Page MenuHomePhabricator

Fix Toolhub developer environment tooling to work on Linux hosts
Closed, ResolvedPublicBUG REPORT

Description

The current Toolhub developer environment of docker-compose managed containers with overlay mounts to let the containers change files on the git clone hosted on the same device as the docker stack relies on specific features of Docker that work differently across versions and platforms. Some of this may end up being hard requirements (for example you need Docker version X to get feature Y), but other incompatibilities are really just an artifact of the primary maintainer of these bits (@bd808) working from a Macbook running OSX and not having tried to make the developer experience work from a Linux host of any kind.

Known issues:

  • "profiles" feature used in docker-compose.yaml to mark some containers as optional is not supported by docker-compose v1.25.0 which is readily available via Debian apt repos.
  • Mounted file system overlays on Linux Docker hosts need ownership mapping to allow the container to write to the mount.

Event Timeline

@Lucas_Werkmeister_WMDE started https://gerrit.wikimedia.org/r/c/wikimedia/toolhub/+/732384 for the profiles issue. Per my comments on that patch, I think that we should move these optional definitions completely out of the main docker-compose and into files that can be loaded optionally as needed.
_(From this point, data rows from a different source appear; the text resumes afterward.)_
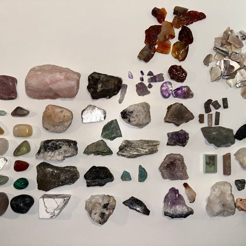 Blandet samling mineral- og råsten små og mellemstore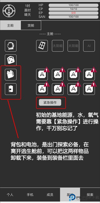 1、初始的基地能源,水,氧气需要靠【紧急操作】进行操作,干万别忘记了。背包和电池,是出门探索必备,在离开逃生舱前,可以把这两样物品卸载下来,装备到装备栏里面去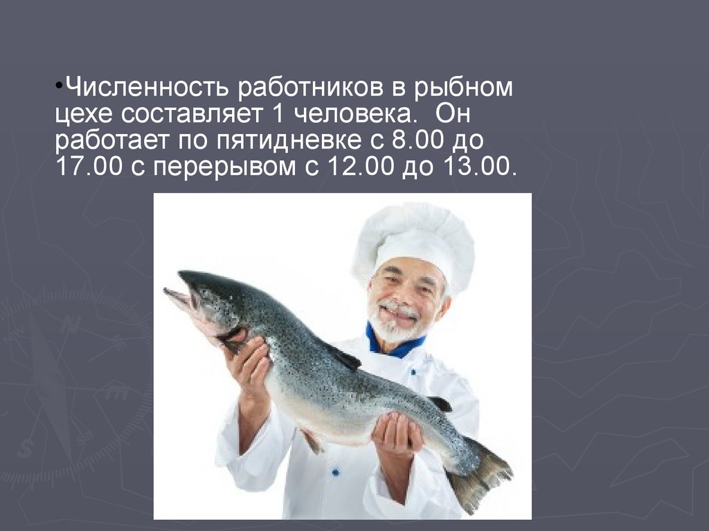 •Численность работников в рыбномцехе составляет 1 человека. Он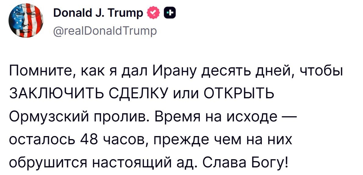 ⚡️ У Ирана осталось всего 48 часов до того, как на них обрушится настоящий ад! Как говорится, время летит, а проблемы не ждут

Both of these optional testing helpers already have directories under contrib/ where it would be reasonable to place the files and add documentation.

Mounts likely can be fixed by some variation on the user: "${MW_DOCKER_UID}:${MW_DOCKER_GID}" config recommended at https://www.mediawiki.org/wiki/MediaWiki-Docker/Configuration_recipes/Customize_base_image

bd808 changed the task status from Open to In Progress.Nov 8 2021, 8:27 PM
bd808 claimed this task.
bd808 triaged this task as High priority.
bd808 moved this task from Backlog to In Progress on the Toolhub board.
bd808 added a subscriber: Raymond_Ndibe.

Marking as high priority and starting work on this as it is a blocker for @Raymond_Ndibe contributing and reviewing patches.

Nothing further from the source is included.